The women came and found that God had rolled away the stone. God through Christ also rolls away the stones that stand between us and the resurrection life Christ offers. Christ calls each of us by name – Lazarus, come forth!….calls every man, woman and child by name out of our tombs of sin and loss and despair and hopelessness into the bright sunlight of God’s resurrection life, in which we walk in the sun to whatever tomorrows God grants us.In John’s version of the Easter story Mary stood outside the tomb, weeping. Mary’s tears blind her from recognizing the risen Jesus even when he’s talking to her – she thought he was the gardener. It was when Jesus called her by name – Mary – that she realizes who she’s talking to. She wants to hang onto the moment – who wouldn’t – but Jesus says, “Don’t hold onto me…go to my brothers and say to them, “I am ascending to my Father and your Father, to my God and your God.”
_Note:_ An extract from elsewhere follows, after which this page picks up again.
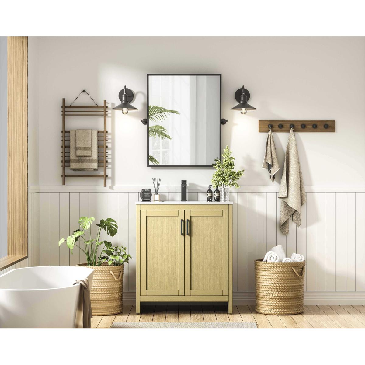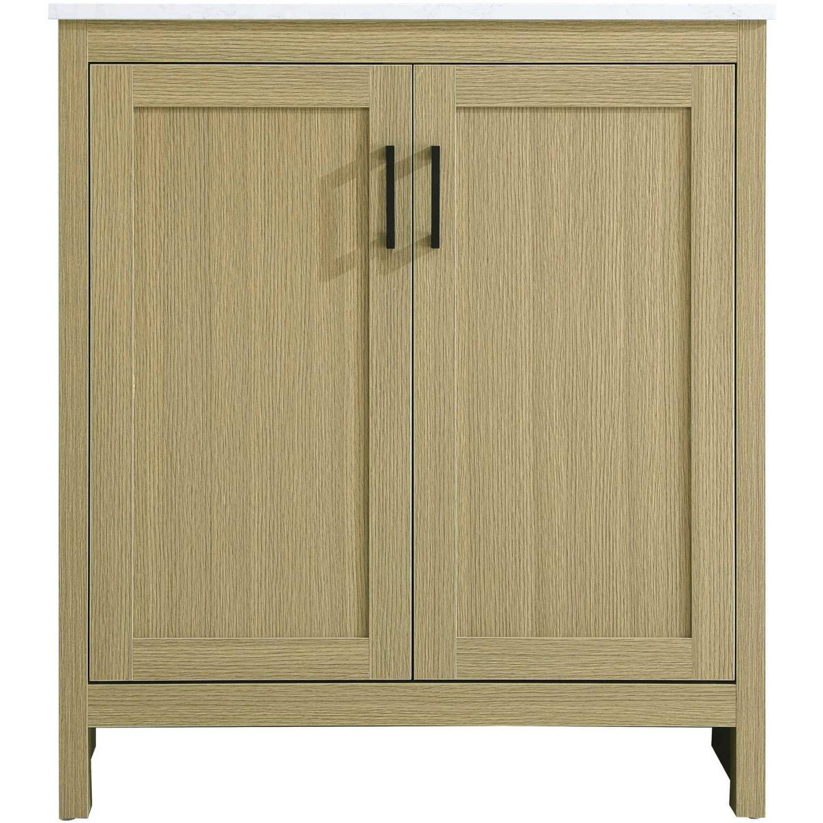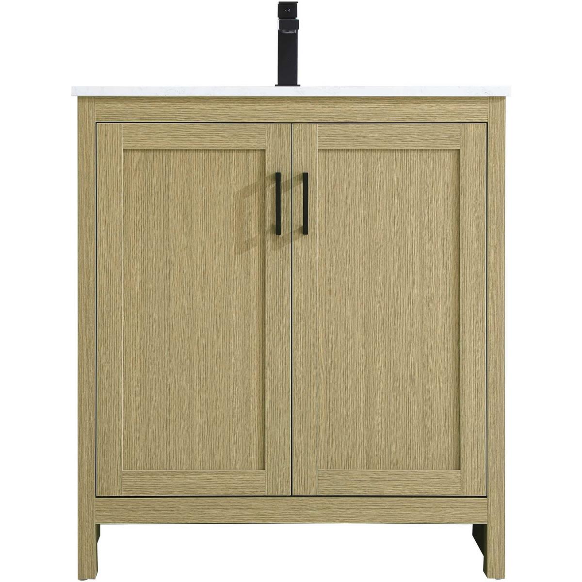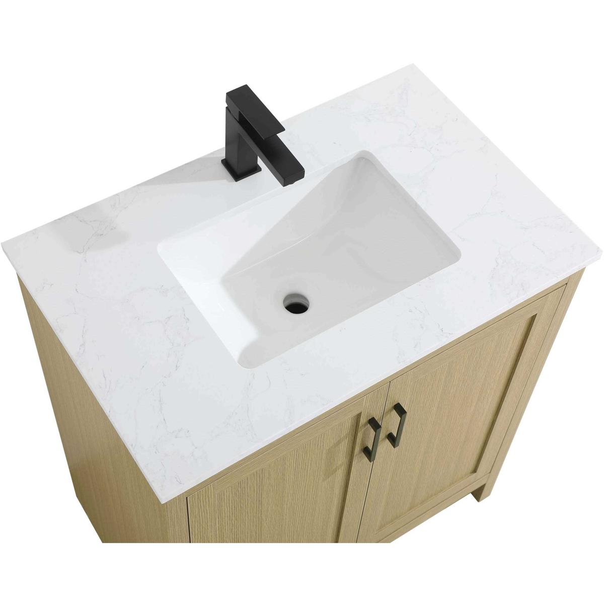 Redefine your bathroom with this transitional shaker-style vanity, designed to combine practicality with timeless aesthetics. Its clean lines and shaker-style door panels create a versatile look that complements both traditional and contemporary spaces. The engineered marble countertop, featuring a unique faux marbled pattern, adds a sophisticated focal point, while the integrated porcelain sink ensures durability and easy maintenance. The vanity includes a shelf with a smart U-shaped cutout, optimizing storage while accommodating plumbing. Crafted from sturdy MDF with a warm woodgrain finish, it brings a natural and inviting feel to your bathroom. Equipped with adjustable foot levelers for stability and a pre-drilled faucet hole for quick installation, this compact vanity delivers on both style and function. Best of all, it arrives fully assembled, ready to enhance your space right out of the box.

Christ calls us by name out of our tombs of despair into the bright sunlight of the garden, but we’re not allowed to hang around for long. We’re called forth, not to linger in the garden, but to go to our brothers and sisters to witness to what we’ve experienced. In Peter’s words, we’re “chosen by God as witnesses…commanded to testify that Christ is the one ordained by God as judge of the living and the dead, that everyone who believes in him will receive forgiveness of sins through his name.” So in gratitude let us be up and doing. May each of us be able to say, with the Apostle Paul, “By the grace of God, we are what we are, and God’s grace toward us has not been in vain.”